Task item: Copy each line of the data beneath in which the word "with" appears.

Material shown:
######

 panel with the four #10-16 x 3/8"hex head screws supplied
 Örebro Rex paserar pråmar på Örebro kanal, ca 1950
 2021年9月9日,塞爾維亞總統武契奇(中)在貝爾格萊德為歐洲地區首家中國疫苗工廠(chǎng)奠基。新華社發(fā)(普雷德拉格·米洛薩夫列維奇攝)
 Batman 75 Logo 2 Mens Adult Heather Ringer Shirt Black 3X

######

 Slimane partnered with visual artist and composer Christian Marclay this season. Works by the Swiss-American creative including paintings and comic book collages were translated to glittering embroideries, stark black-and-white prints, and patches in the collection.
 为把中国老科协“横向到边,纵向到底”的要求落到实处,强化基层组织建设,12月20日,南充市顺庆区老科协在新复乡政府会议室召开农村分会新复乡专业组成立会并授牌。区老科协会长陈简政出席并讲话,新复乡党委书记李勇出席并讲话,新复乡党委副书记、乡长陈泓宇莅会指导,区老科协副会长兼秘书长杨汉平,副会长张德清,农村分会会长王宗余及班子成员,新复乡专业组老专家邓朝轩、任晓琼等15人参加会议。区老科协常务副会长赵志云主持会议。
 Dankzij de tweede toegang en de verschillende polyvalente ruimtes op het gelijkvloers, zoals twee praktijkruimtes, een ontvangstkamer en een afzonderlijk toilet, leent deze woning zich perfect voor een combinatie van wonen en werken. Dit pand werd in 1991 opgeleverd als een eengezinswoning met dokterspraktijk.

######

Result of the task:
 panel with the four #10-16 x 3/8"hex head screws supplied
 Slimane partnered with visual artist and composer Christian Marclay this season. Works by the Swiss-American creative including paintings and comic book collages were translated to glittering embroideries, stark black-and-white prints, and patches in the collection.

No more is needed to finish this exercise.